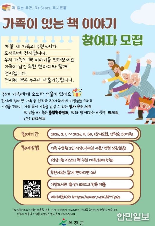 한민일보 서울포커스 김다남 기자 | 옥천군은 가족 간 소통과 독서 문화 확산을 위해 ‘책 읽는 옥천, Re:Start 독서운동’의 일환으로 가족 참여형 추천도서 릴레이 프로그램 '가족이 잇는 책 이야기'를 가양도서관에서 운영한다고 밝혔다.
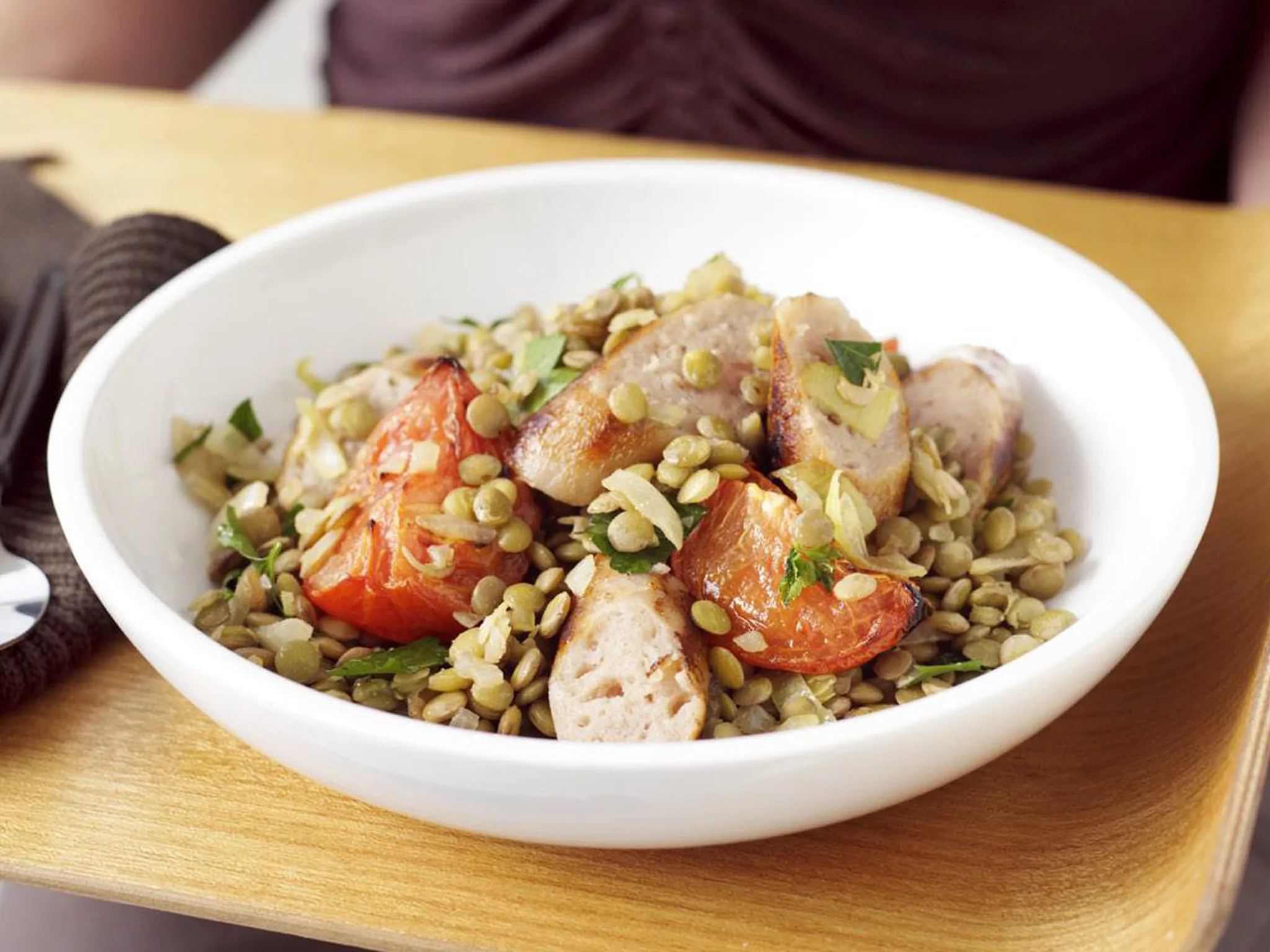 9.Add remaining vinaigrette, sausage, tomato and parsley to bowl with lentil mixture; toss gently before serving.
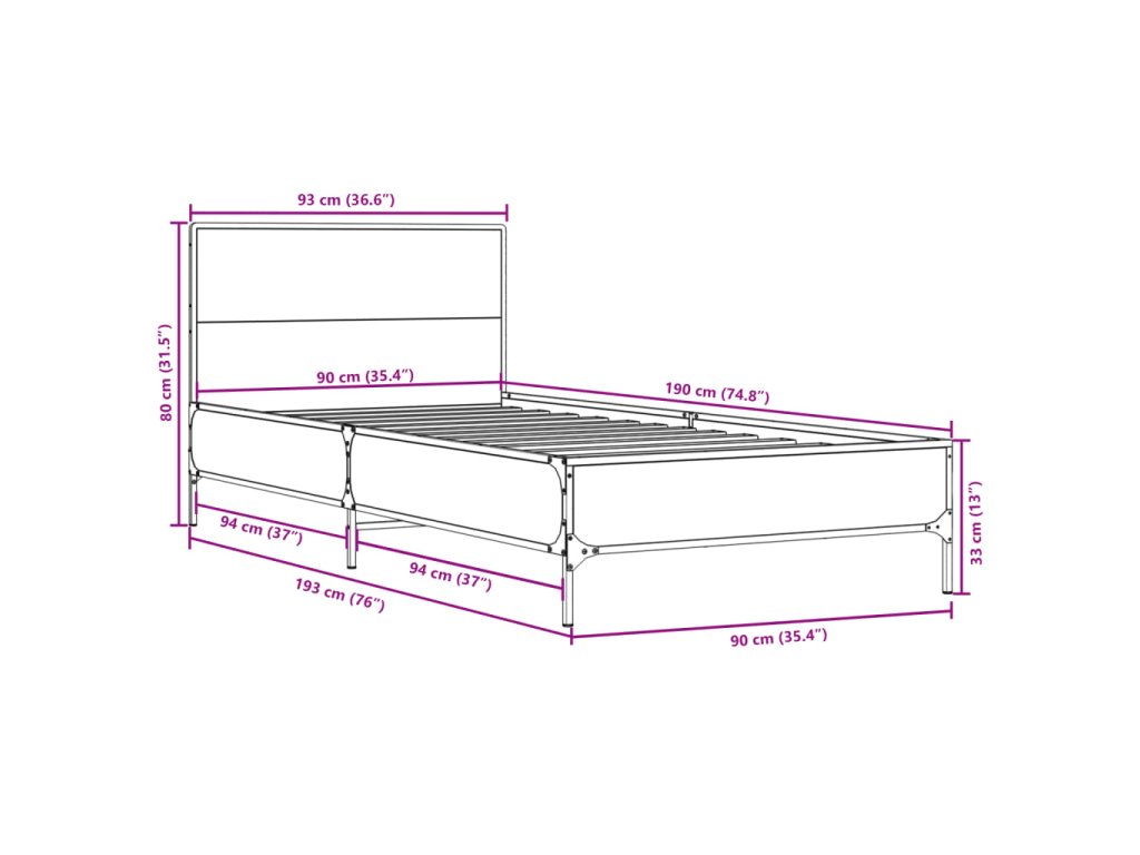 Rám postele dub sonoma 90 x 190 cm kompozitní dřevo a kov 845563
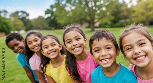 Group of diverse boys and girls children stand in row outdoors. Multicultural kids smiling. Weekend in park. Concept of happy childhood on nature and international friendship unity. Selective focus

...

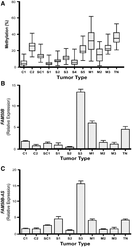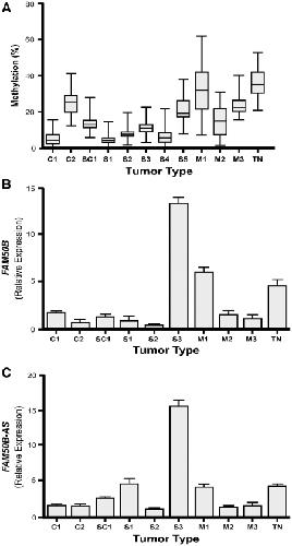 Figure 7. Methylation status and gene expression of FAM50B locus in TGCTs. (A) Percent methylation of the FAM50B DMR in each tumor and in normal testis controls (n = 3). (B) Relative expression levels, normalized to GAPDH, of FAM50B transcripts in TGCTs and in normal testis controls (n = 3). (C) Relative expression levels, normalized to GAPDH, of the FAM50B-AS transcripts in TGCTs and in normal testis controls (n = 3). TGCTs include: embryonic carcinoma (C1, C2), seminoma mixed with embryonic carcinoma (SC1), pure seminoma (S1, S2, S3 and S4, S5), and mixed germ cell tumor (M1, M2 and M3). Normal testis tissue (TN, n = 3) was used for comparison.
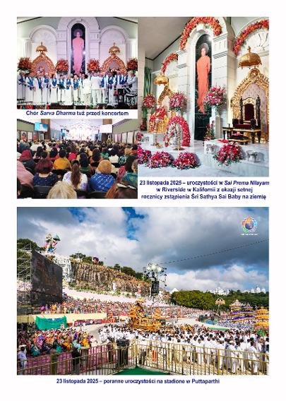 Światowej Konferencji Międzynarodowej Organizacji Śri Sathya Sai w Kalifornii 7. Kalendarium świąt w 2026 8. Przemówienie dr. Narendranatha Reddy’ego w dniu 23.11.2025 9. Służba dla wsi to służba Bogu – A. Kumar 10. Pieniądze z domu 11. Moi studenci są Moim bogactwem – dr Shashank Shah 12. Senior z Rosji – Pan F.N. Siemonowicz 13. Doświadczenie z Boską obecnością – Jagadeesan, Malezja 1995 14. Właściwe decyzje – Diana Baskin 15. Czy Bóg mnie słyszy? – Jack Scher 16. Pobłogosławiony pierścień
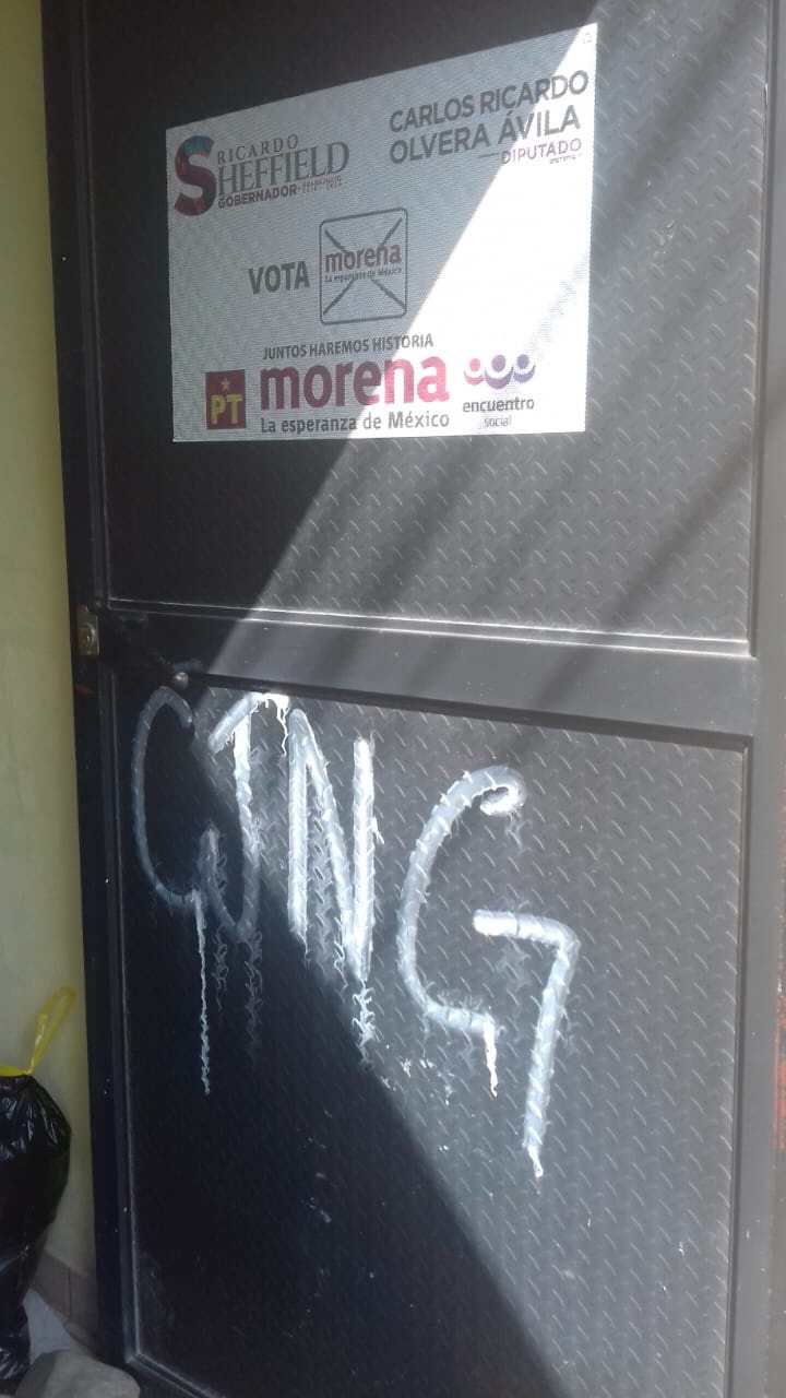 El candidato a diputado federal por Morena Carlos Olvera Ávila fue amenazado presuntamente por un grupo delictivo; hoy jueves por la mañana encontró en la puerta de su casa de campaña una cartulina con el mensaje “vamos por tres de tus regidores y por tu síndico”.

WHAT TO PRODUCE:
Look above for the line containing "한민일보 서울포커스 김다남", then copy exactly from it through the line containing "Group of diverse", keeping both and leaving out pictures. Add nothing else.

WRITTEN ANSWER:
 한민일보 서울포커스 김다남 기자 | 옥천군은 가족 간 소통과 독서 문화 확산을 위해 ‘책 읽는 옥천, Re:Start 독서운동’의 일환으로 가족 참여형 추천도서 릴레이 프로그램 '가족이 잇는 책 이야기'를 가양도서관에서 운영한다고 밝혔다.
 9.Add remaining vinaigrette, sausage, tomato and parsley to bowl with lentil mixture; toss gently before serving.
 Rám postele dub sonoma 90 x 190 cm kompozitní dřevo a kov 845563
 Group of diverse boys and girls children stand in row outdoors. Multicultural kids smiling. Weekend in park. Concept of happy childhood on nature and international friendship unity. Selective focus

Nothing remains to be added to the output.